Border Wait - Crawler and Bot Application

Border Wait is a python web crawler, facebook and twitter bot - crawls the data from Qendra Kombëtare për Menaxhim Kufitar (QKMK) then posts and tweets the delays at each border with a specifc gif on facebook and twitter.

Technologies

Operating System: Ubuntu 14.04 LTS
Language: Python
Crawling Framework: Scrapy
Scrapy Deploy and Control Spider API: Scrapyd
Python Twitter API: Tweepy
Database: MongoDB
MongoDB ORM: PyMongo
Web Server: Nginx
Software utility as time-based scheduler: Cron(Optional)

Setup and installing prerequisites

GPG (GNU Privacy Guard) is the tool used in secure apt to sign files and check their signatures.

apt-key is a program that is used to manage a keyring of gpg keys for secure apt. The keyring is kept in the file /etc/apt/trusted.gpg (not to be confused with the related but not very interesting /etc/apt/trustdb.gpg). apt-key can be used to show the keys in the keyring, and to add or remove a key.

NOTE!!! These packages are currently not updated and may not work on Ubuntu 16.04 or later versions.

Import the GPG key used to sign Scrapy packages into APT keyring:

sudo apt-key adv --keyserver hkp://keyserver.ubuntu.com:80 --recv 627220E7

Create /etc/apt/sources.list.d/scrapy.list file using the following command:

echo 'deb http://archive.scrapy.org/ubuntu scrapy main' | sudo tee /etc/apt/sources.list.d/scrapy.list

Installing Scrapy & Scrapyd

Install these dependecies in order to install Scrapy:

sudo apt-get install python-dev python-pip libxml2-dev libxslt1-dev zlib1g-dev libffi-dev libssl-dev

Update package lists and install the scrapy package:

sudo apt-get update && sudo apt-get install scrapy

Scrapyd service for deploying and managing spiders:

sudo apt-get install scrapyd

Scrapyd-deploy for deploying the scrapy project:

sudo apt-get install scrapyd-deploy

We need to install scrapy python packages as well:

sudo pip install scrapy==1.0.5

Install Git:

sudo apt-get install git

Go inside the projects folder and install scrapyd using pip:

sudo pip install -e git+https://github.com/scrapy/scrapyd.git@32be9b85b0ba496e5a5d983ee492f1116f9cfbb9#egg=scrapyd

NOTE!!! In order to avoid some errors, you have to downgrade the Twisted package to version 16.4.1:

sudo pip install Twisted==16.4.1

Install dependencies:

sudo pip install pyasn1 tweepy --upgrade

Preparing the project

Clone the project in your machine:

git clone https://github.com/opendatakosovo/border-wait.git
cd border-wait

Adding the Facebook and Twitter API Access Tokens:

cd borderwait
sudo nano settings.py

...
# TWITTER ACCESS TOKENS FOR TWITTER BOT
TWITTER_CONSUMER_KEY = ''
TWITTER_CONSUMER_SECRET = ''
TWITTER_ACCESS_TOKEN = ''
TWITTER_ACCESS_TOKEN_SECRET = ''

# FACEBOOK ACCESS TOKENS FOR FACEBOOK BOT
FACEBOOK_ACCESS_TOKEN = ''
...

Get global root project path (use pwd command in root project path to get the global path):

pwd
/home/<user>/border-wait

Set the global root project path into settings.py

cd borderwait
sudo nano settings.py

...
GLOBAL_PROJECT_DIRECTORY = '/home/<user>/border-wait'
...

Deploying the project

Installing prerequisites

Install nginx for the reverse proxy and apache2-utils for the login security:

sudo apt-get install nginx apache2-utils

Now create a user and password:

sudo htpasswd -c /etc/nginx/.htpasswd <type your username>

Hit enter and will ask you for a password.

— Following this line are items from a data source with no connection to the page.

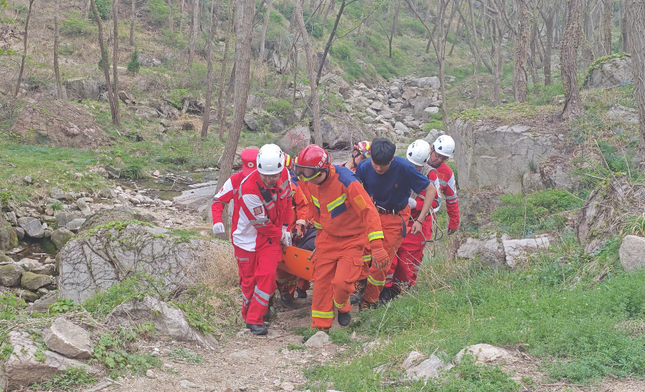 4月11日12时43分,青岛市消防救援支队指挥中心接到报警,铁山沟一男子崴脚被困山上,海尔大道消防救援站迅速赶赴现场进行处置。
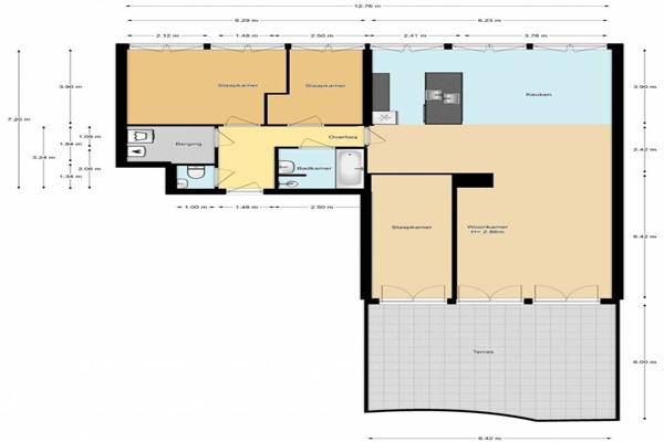 INDELING Op de begane grond treft u de hoofdentree met bellentableau en brievenbussen. Entree; vanuit de hal heb je toegang tot de living, 2 slaapkamers, de badkamer en het separate toilet. De living van bijna 13 meter diepte bestaat uit een zitkamer, een grote woonkeuken en toegang tot de derde slaapkamer. Het leefgedeelte ( 6.42m x 3.80m) is ruim en licht en de dubbele deuren geeft toegang tot een groot terras (circa 37 m2, noordwesten) gelegen aan een rustig plein in het complex. In de living vind je achterin de ruime woonkeuken. De keuken (6mx6m) is voorzien van inbouwspotjes en een net keukenblok. Hier vind je diverse inbouwapparatuur, waaronder een koelkast en vriezer, vaatwasser, oven, 6-pits gaskookplaat met afzuigkap. Ook is er meer dan voldoende bergruimte in de verschillende kastjes en lades. De woonkeuken is over de hele breedte voorzien van openslaande ramen met Franse balkons met prachtig uitzicht over de Maas, de Willemsbrug en de skyline van Rotterdam. Vanaf de overloop bereik je de twee slaapkamers en de badkamer. Beide slaapkamer zijn heerlijk licht en ruim met een fantastische uitzicht over de Maas, de Hefbrug en het Unilever kantoor. De badkamer (2.50mx2m) heeft een separaat ligbad, douche en een wastafel. Verder is vanaf de overloop een separaat toilet met fonteintje en de berging met een cv-installatie en wasmachine
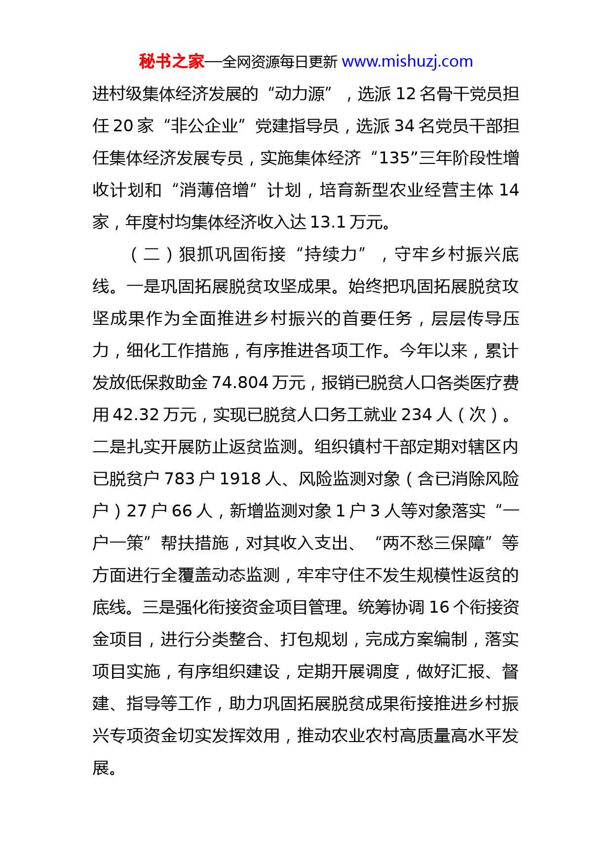 秘书之家—全网资源每日更新www.mishuzj.com镇关于乡村振兴的汇报材料:汇聚“六力”扎实推进乡村全面振兴近年来,XX镇认真学习贯彻习近平总书记关于“三农”工作的重要论述,全面贯彻落实中省决策部署和市区工作安排,围绕“产业兴旺、生态宜居、乡风文明、治理有效、生活富裕”总要求,统筹五大振兴,汇聚“凝聚力、持续力、保障力、聚合力、向心力、牵引力”六力,扎实推进乡村发展、乡村建设、乡村治理重点任务,持续促进农业稳产增产、农民稳步增收、农村稳定安宁,全面推进乡村振兴战略落地落实。一、工作成效(一)发挥党建引领“凝聚力”,打造乡村振兴堡垒。一是坚持高位谋划。加强镇党委对基层党组织建设指导力度,健全完善“党委书记领衔、班子成员领导、村社书记领办”制度,将党的政治优势、组织优势转化为发展优势,实现基层党务事项周调度、月部署、季谋划。二是提升组织功能。开展党支部标准化建设,全镇26个基层党组织落实“三会一课”、民主评议党员、组织生活会等政治生活制度全面规范。持续抓好软弱涣散党组织提档升级,向软弱涣散村铜锣村选派基层经验丰富的第一书记。三是壮大集体经济。坚持以“党建+产业”融合发展作为促秘书之家—全网资源每日更新www.mishuzj.com进村级集体经济发展的“动力源”,选派12名骨干党员担任20家“非公企业”党建指导员,选派34名党员干部担任集体经济发展专员,实施集体经济“135”三年阶段性增收计划和“消薄倍增”计划,培育新型农业经营主体14家,年度村均集体经济收入达13.1万元。(二)狠抓巩固衔接“持续力”,守牢乡村振兴底线。一是巩固拓展脱贫攻坚成果。始终把巩固拓展脱贫攻坚成果作为全面推进乡村振兴的首要任务,层层传导压力,细化工作措施,有序推进各项工作。今年以来,累计发放低保救助金74.804万元,报销已脱贫人口各类医疗费用42.32万元,实现已脱贫人口务工就业234人(次)。二是扎实开展防止返贫监测。组织镇村干部定期对辖区内已脱贫户783户1918人、风险监测对象(含已消除风险户)27户66人,新增监测对象1户3人等对象落实“一户一策”帮扶措施,对其收入支出、“两不愁三保障”等方面进行全覆盖动态监测,牢牢守住不发生规模性返贫的底线。三是强化衔接资金项目管理。统筹协调16个衔接资金项目,进行分类整合、打包规划,完成方案编制,落实项目实施,有序组织建设,定期开展调度,做好汇报、督建、指导等工作,助力巩固拓展脱贫成果衔接推进乡村振兴专项资金切实发挥效用,推动农业农村高质量高水平发展。秘书之家—全网资源每日更新www.mishuzj.com(三)优化农业生产“保障力”,夯实乡村振兴根基。一是强化现代农业基础支撑。实行耕地保护党政同责,严格落实“长牙齿”的耕地保护硬措施,大力开展撂荒地复耕复种工作,积极组织村集体、农民专业合作社有效复耕复种撂荒土地2299.25亩,全额完成目标任务。二是持续加强粮食安全工作。组织开展高标准农田实施范围内非粮化、非农化核实工作,大春种植水稻2491.01余亩,玉米9669.48亩,大豆3087.31亩,其中大豆玉米复合种植完成2500亩、大豆净作1087.31亩,超额完成目标任务。三是全面做好农业综合服务。落实大春粮食作物、水稻、大豆、地力补贴相关强农惠农政策。加强农业生产“一控两减三基本”工作,召开专题会3次,发放宣传明白卡8500份,制作标语132幅、音频14个,确定非农业生产农药使用量调查户10户,建立废旧农膜集中收集点1个,实现秸秆肥料化、饲料化、能源化,促进资源循环利用。(四)强化社会治理“聚合力”,走稳乡村振兴步伐。一是探索村民自治模式。推广积分制、清单制、“红堂屋”等乡村治理方式,引领村民自治新气象。通过乡风文明积分发放20万元生活物资,8000余名农民兑换得实惠;13个村(社区)科学编制村级组织自治事项清单、公共服务事项清单等“四张清单”;全镇通过“红堂屋”调秘书之家—全网资源每日更新www.mishuzj.com解室调解各类矛盾纠纷247个,化解各类历史积案3个,涉及金额250万元,有效维护辖区社会稳定。二是加强乡风文明建设。依托农村新时代文明实践所(站)开展“喜迎二十大永远跟党走”理论宣讲83场,开展文化活动、科普宣传、疫情防控等文明实践活动700余场,通过“果蔬之乡”抖音号发布视频101个,获赞33423、关注9276,依托农村“四会”组织整治不良习俗290余件,不断强化社会面宣传引导。三是强化民生保障兜底。进一步完善分层分类救助工作,去年审批临时生活救助363人次198050元,发放重度残疾护理补贴629人、困难残疾人生活补贴712人、严重精神障碍患者监护以奖代补34人、高龄补贴1012人。(五)汇集生态宜居“向心力”,提升乡村振兴颜值。一是推进农村厕所革命。结合我镇实际,制定年度农村“厕所革命”提升行动实施方案,投入财政资金1.2亿元,新(改)建卫生厕所245户,成立专项督导小组严把质量关,实现100%“零缺陷”移交。二是推动面源污染防控。畜禽规模养殖场资源化利用率达95.8%,农作物秸秆综合利用率稳定在94%以上,废旧农膜回收利用率达93%,大力推进美丽乡村建设。三是改善农村人居环境。以“三清三拆三整治”为抓手,巩固村庄清洁行动集中攻坚成果,常态化推进卫生保洁,抓实垃圾及时收集、转秘书之家—全网资源每日更新www.mishuzj.com运,实现

Then you need to edit the configurations file of nginx to create a reverse proxy to the scrapyd webservice.

sudo nano /etc/nginx/sites-available/default

then edit the config file according to this:

server {
        listen 80 default_server;
        listen [::]:80 default_server ipv6only=on;

        root /usr/share/nginx/html;

        # Make site accessible from http://localhost/
        server_name _;
        # deny access to .htaccess files, if Apache's document root
        # concurs with nginx's one
        location ~ /\.ht {
                deny all;
        }

        location / {
                proxy_pass http://localhost:6800;
                auth_basic "Restricted Content";
                auth_basic_user_file /etc/nginx/.htpasswd;
                # First attempt to serve request as file, then
                # as directory, then fall back to displaying a 404.
                #try_files $uri $uri/ =404;
        }
}

now reload nginx service:

sudo service nginx reload

Securing Scrapyd service

First of all you need to block scrapyd to be accessed by outside the server. To do this you have to edit the scrapyd configuration file:

sudo nano /etc/scrapyd/conf.d/000-default

then add a bind address above the port and set it to 127.0.0.1(default is set to 0.0.0.0):

bind_address = 127.0.0.1

the restart scrapyd service:

sudo service scrapyd restart

Deploy the project

Go inside the project's folder and run the command below to deploy the project:

scrapyd-deploy -p borderwait

Note: If you have errors when running command above please remove folder project.egg-info and build inside project folder.

If you want to delete deployed project:

curl http://localhost:6800/delproject.json -d project=borderwait

Running the spiders

Scrapyd can be accessed by outside since it uses the localhost(0.0.0.0), so we need to block it by changing the localhost to 127.0.0.1 which blocks outside world from entering.

curl http://localhost:6800/schedule.json -d project=borderwait -d spider=borderwait

Configuring Item Pipelines

There are in total three item pipelines in scrapy project (FacebookPipeline, MongoPipeline and TwitterPipeline). You can prevent scrapy item pipelines by commenting(putting #) the lines of code in settings.py as below:

sudo nano borderwait/settings.py

...
# Configure item pipelines
# See http://scrapy.readthedocs.org/en/latest/topics/item-pipeline.html
ITEM_PIPELINES = {
    'borderwait.pipelines.facebook.FacebookPipeline': 900
    # 'borderwait.pipelines.mongo.MongoPipeline': 1100,
    # 'borderwait.pipelines.twitter.TwitterPipeline': 250
}
...

Note: If your project is already deployed, you must delete deployed project and deploy again in order to take affect new settings.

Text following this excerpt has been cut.